Internally, formats are represented using a compositional structure rather than a flat enum:

```
Format
├── Date { date: DateFmt }
├── DateTime { date: DateFmt, sep: Separator, time: TimeFmt, tz: Option<Timezone>, spaced_tz: bool }
└── Unix { precision: UnixPrecision }
```

All combinations of the above components are tried automatically.

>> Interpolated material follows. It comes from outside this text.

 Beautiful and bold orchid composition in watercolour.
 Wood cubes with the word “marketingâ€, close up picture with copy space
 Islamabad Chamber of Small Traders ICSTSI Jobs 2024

Structurally invalid ones (e.g. a value whose first character isn't `T` or space at the separator position) are eliminated by the parser on the first value, so the performance cost is negligible.

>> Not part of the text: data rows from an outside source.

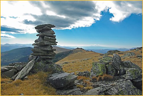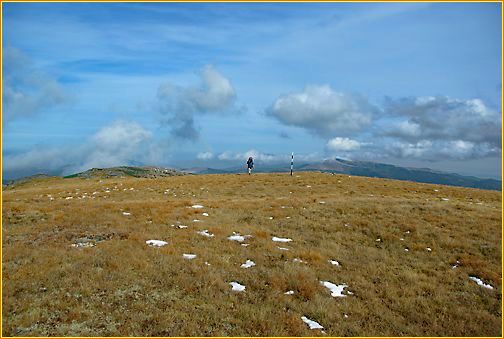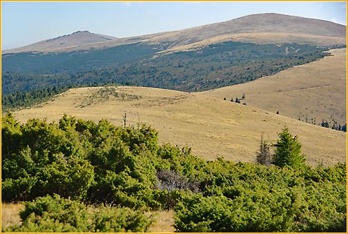 ... folgt die letzte Etappe über die Muntii Lotrului. Wir blicken noch einmal zurück auf den Vf. Cristesti (li. i. Bild) und der Piatra Alba (re. i. Bild). Wir folgenden der hier allmählich absteigenden Hochweide Richtung West/Südwest. |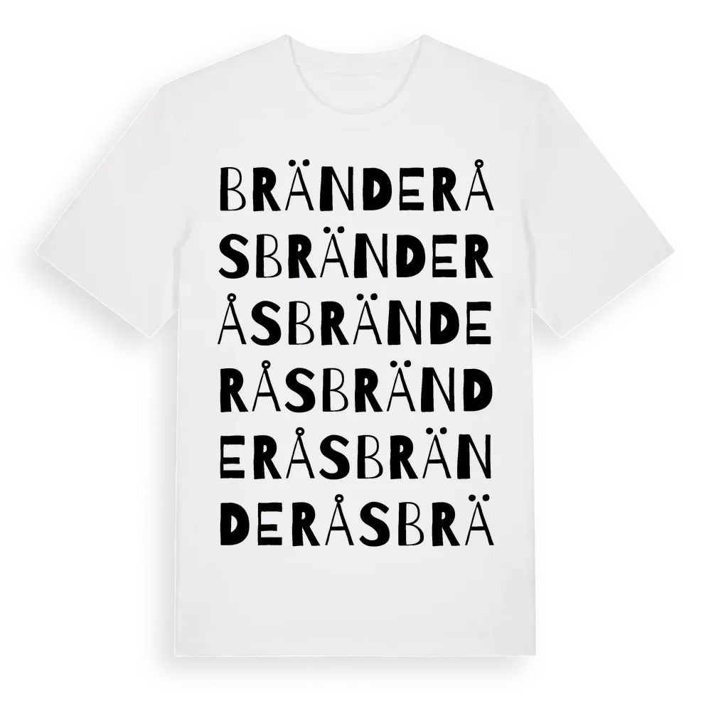 Bränderås ordlek t-shirt är inspirerad av byn Bränderås i Kalmar län, Sverige. Tröjan är designad för dig som har en speciell koppling till platsen – oavsett om du bor här, har rötterna här eller bara älskar Bränderås.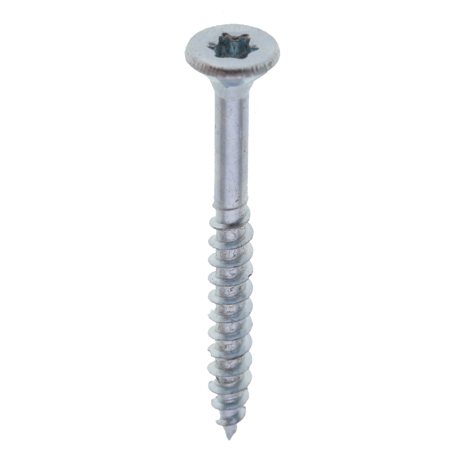 Verzinkt stalen spaanplaatschroeven met platverzonken torxkop zijn uitermate geschikt voor het bevestigen van hout- en plaatmateriaal. De grove winding en scherpe punt met snijgleuf zorgen ervoor dat de schroef makkelijk in het hout draait, voorboren is daarom vaak niet nodig. Door de platte kop met freesribben verzinkt de schroef in het materiaal.-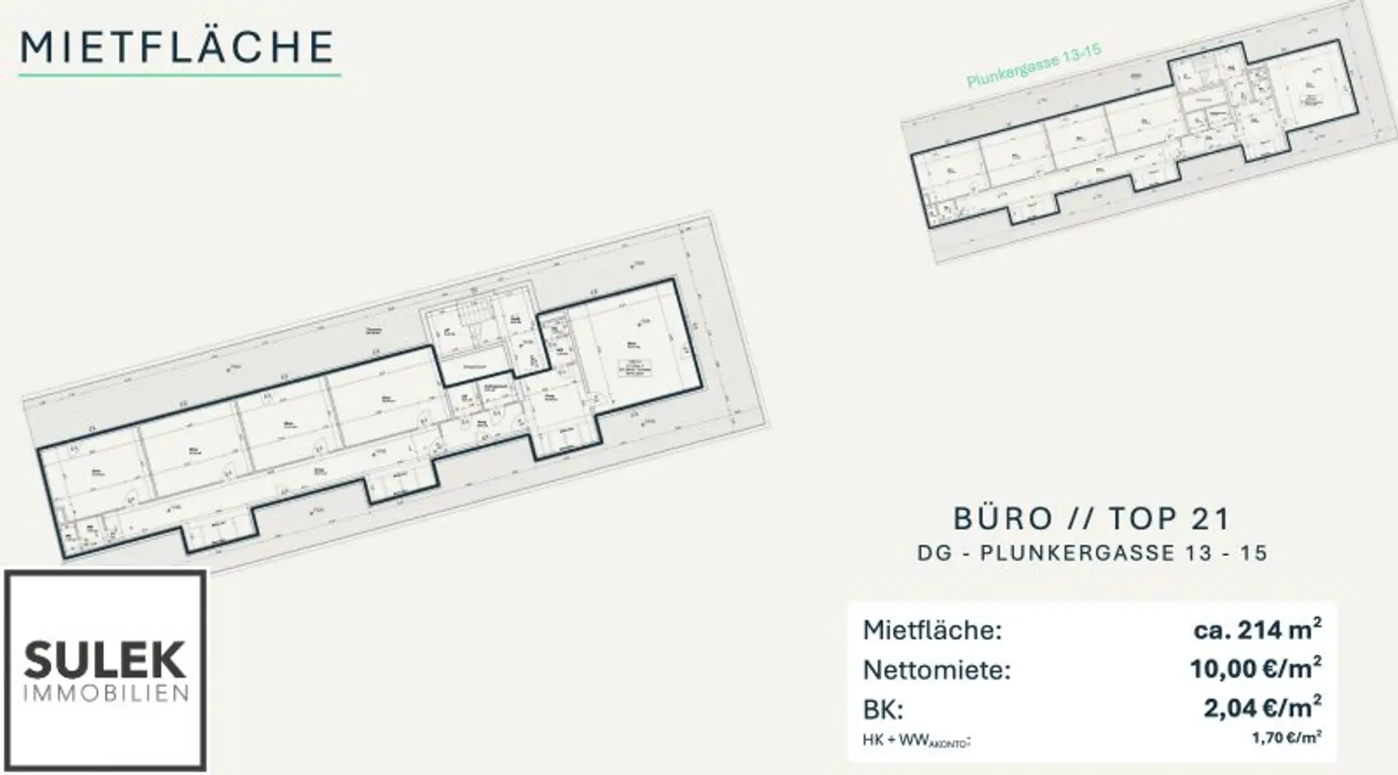 Die Liegenschaft umfasst zwei Gebäudeteile: das repräsentative Gründerzeithaus „Fröhlich Hof“ an der Hütteldorfer Straße sowie einen modernen Neubau in der ruhigeren Plunkergasse – ein attraktiver Standort für vielseitige gewerbliche Nutzungen.

Adding a new format variant (e.g. named timezones) requires a single new enum variant and a validator — no changes to the combinatorial logic.

## Installation

Requires [Rust](https://www.rust-lang.org/) and [maturin](https://github.com/PyO3/maturin).

```sh
pip install maturin
maturin develop --release
```

For development (uses [uv](https://github.com/astral-sh/uv) for reproducible installs):

```sh
uv sync --all-extras
maturin develop --release
bash build-and-test.sh
```

## Usage

### Quick start

```python
import polars as pl
import infer_ts

df = pl.DataFrame({"ts": ["2024-01-15T10:30:00", "2024-06-20T08:00:00"]})

# Series → Series
series = infer_ts.to_datetime(df["ts"])

# Column name → Expr  (works inside lazy frames too)
df = df.with_columns(infer_ts.to_datetime("ts"))

# Expr → Expr
df = df.with_columns(infer_ts.to_datetime(pl.col("ts")))

# Namespace style (equivalent to the Expr form above)
df = df.with_columns(pl.col("ts").infer_ts.to_datetime())

# Control the output time unit (default: "us")
df = df.with_columns(infer_ts.to_datetime("ts", time_unit="ns"))

# Infer the format strings only (returns a list of all matching formats)
fmts = infer_ts.infer_format(df["ts"])
```

### Basic inference

```python
import infer_ts

# Returns a list of compatible formats
fmts = infer_ts.infer_format([
    "2024-01-15T10:30:00",
    "2024-06-20T08:00:00",
    None,                       # nulls are skipped
])
print(fmts)       # ["%Y-%m-%dT%H:%M:%S"]
print(fmts[0])    # "%Y-%m-%dT%H:%M:%S"

# Use exhaustive=True to process all values
fmts = infer_ts.infer_format(["01/02/2024", "03/04/2024"], exhaustive=True)
print(fmts)  # ["%d/%m/%Y", "%m/%d/%Y"] - both US and EU formats match
```

### Polars – using the inferred format directly

If you need the format string itself (e.g. to pass to other tools), use `infer_format` and call `str.to_datetime` manually:

```python
import polars as pl
import infer_ts

df = pl.DataFrame({"ts": ["2024-01-15T10:30:00", "2024-06-20T08:00:00"]})

fmts = infer_ts.infer_format(df["ts"])
# Use first format (or handle multiple if ambiguous)
fmt = fmts[0]
df = df.with_columns(pl.col("ts").str.to_datetime(format=fmt))
```

### Polars – Unix epoch formats

`infer_format` returns a `@`-prefixed marker for epoch columns (e.g. `@unix_seconds`, `@unix_ms`, `@unix_us`, `@unix_ns`). `to_datetime` handles these automatically with correct integer scaling — no manual casting needed:

```python
import polars as pl
import infer_ts

df = pl.DataFrame({"ts": ["1705312200", "1705398600"]})

df = df.with_columns(infer_ts.to_datetime("ts"))       # Expr form
result = infer_ts.to_datetime(df["ts"])                # Series form
```

## Handling ambiguity

US and EU slash dates are inherently ambiguous when every day value is ≤ 12. Instead of raising an error, the library returns all compatible formats:

```python
import infer_ts

# Ambiguous – both mm/dd and dd/mm interpretations are valid for every row
fmts = infer_ts.infer_format(["01/02/2024", "03/04/2024"])
print(fmts)       # ["%d/%m/%Y", "%m/%d/%Y"]
print(len(fmts))  # 2 - caller can choose or prompt user

# Resolved – day 15 > 12 eliminates the US interpretation
fmts = infer_ts.infer_format(["01/02/2024", "15/03/2024"])
print(fmts)  # ["%d/%m/%Y"] - uniquely EU

# No match returns empty list
fmts = infer_ts.infer_format(["not a timestamp"])
print(fmts)  # []
```

## Contributing

This project was developed with heavy use of LLM agents (primarily Claude) for both the initial implementation and subsequent refinement. If you spot a bug, an edge case the parser mishandles, or a timestamp format that should be supported, issues and pull requests are very welcome.